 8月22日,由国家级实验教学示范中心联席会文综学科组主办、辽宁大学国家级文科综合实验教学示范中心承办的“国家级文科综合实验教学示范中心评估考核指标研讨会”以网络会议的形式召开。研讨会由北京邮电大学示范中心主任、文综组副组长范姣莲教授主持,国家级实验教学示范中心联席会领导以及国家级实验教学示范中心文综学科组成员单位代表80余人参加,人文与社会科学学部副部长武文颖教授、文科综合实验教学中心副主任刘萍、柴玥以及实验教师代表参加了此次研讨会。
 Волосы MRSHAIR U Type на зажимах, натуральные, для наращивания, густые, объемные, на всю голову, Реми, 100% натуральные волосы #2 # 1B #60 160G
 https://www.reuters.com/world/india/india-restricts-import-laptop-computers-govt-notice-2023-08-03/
==
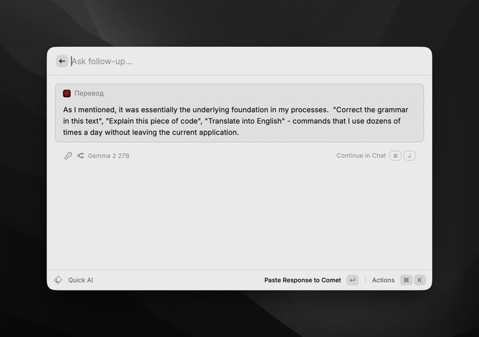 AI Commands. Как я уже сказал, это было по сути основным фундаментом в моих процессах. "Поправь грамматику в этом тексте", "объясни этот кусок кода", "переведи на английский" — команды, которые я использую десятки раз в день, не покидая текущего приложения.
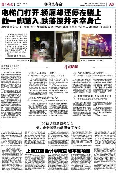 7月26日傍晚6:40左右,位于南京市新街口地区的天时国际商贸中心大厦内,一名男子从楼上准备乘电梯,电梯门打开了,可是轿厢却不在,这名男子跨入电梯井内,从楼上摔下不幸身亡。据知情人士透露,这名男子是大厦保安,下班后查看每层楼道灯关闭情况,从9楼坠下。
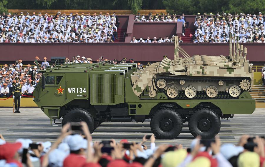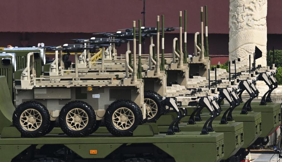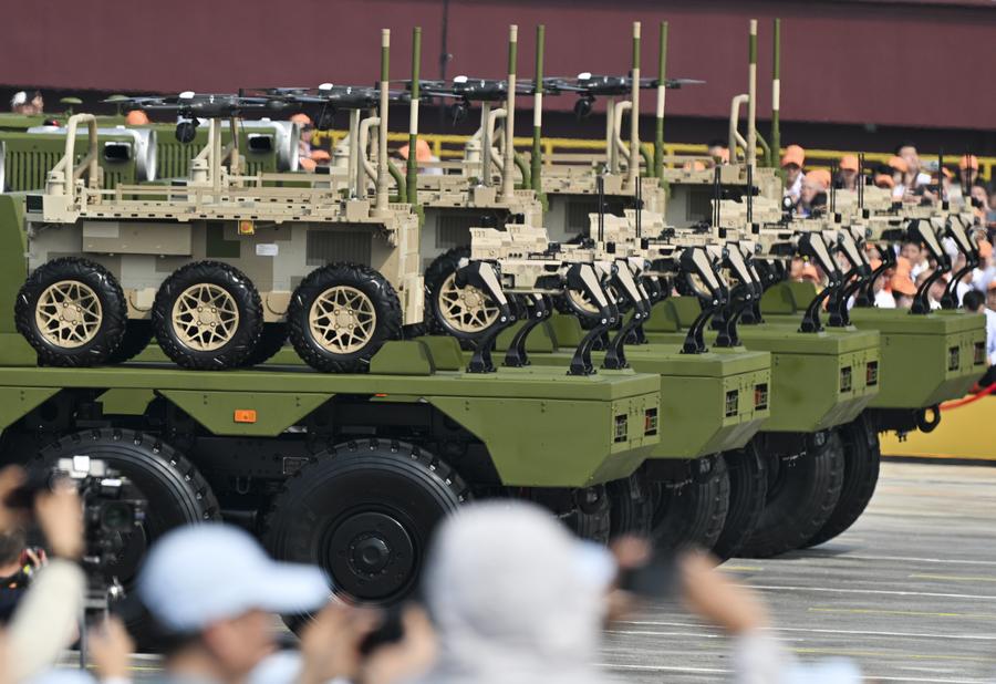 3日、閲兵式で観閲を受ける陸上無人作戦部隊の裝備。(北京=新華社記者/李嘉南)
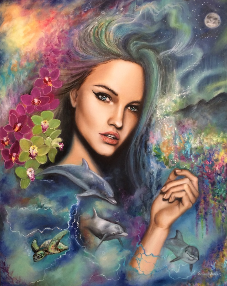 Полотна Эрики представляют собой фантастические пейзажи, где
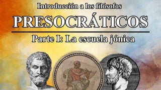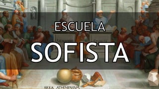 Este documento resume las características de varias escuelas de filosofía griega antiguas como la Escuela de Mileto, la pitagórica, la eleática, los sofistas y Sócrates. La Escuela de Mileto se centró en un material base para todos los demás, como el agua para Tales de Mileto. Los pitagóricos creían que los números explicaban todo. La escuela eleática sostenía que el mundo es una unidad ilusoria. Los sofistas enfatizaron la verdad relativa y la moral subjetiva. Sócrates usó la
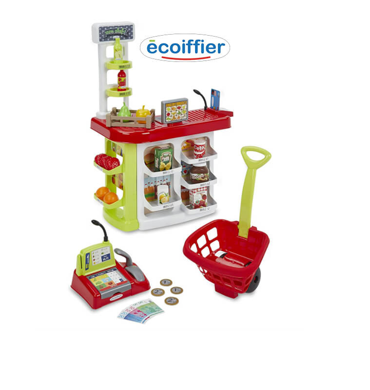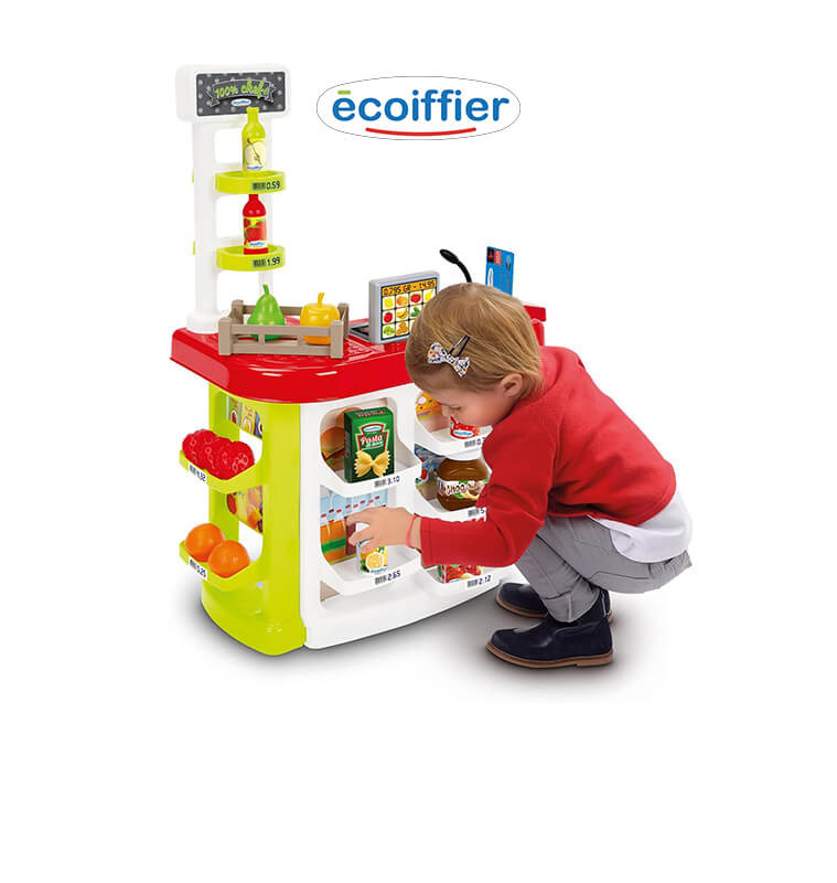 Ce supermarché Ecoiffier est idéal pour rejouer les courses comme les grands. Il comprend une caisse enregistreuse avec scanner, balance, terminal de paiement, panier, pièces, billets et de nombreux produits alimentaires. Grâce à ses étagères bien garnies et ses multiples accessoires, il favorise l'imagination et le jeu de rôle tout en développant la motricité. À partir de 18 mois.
---
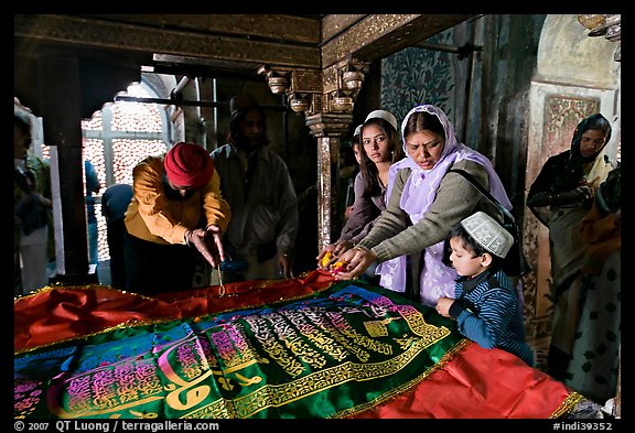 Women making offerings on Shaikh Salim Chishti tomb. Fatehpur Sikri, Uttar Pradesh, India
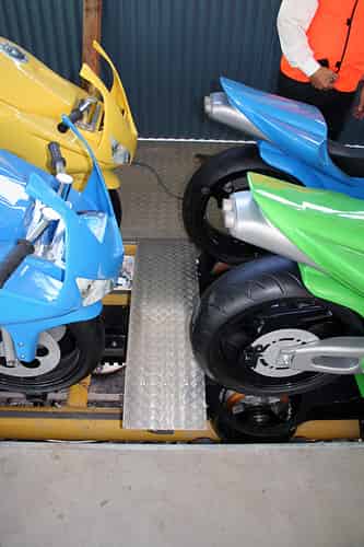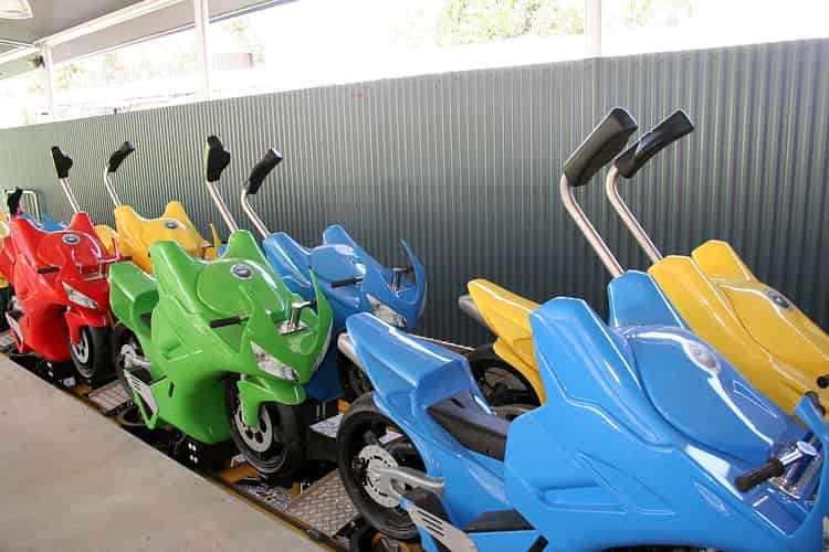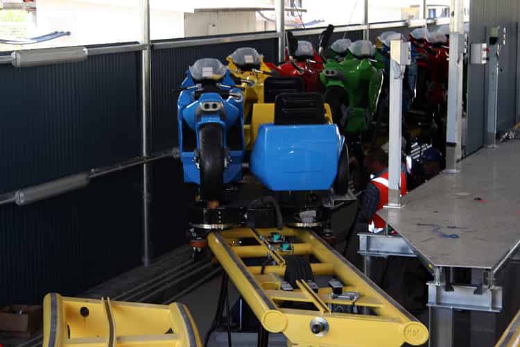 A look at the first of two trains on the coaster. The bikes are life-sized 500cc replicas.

● EXERCISE DIRECTIONS:
In the entries above, find the line containing "Women making offerings" and the line containing "A look at the"; give again exactly those two lines and every line between them, minus the pictures.

● EXERCISE RESPONSE:
 Women making offerings on Shaikh Salim Chishti tomb. Fatehpur Sikri, Uttar Pradesh, India
 A look at the first of two trains on the coaster. The bikes are life-sized 500cc replicas.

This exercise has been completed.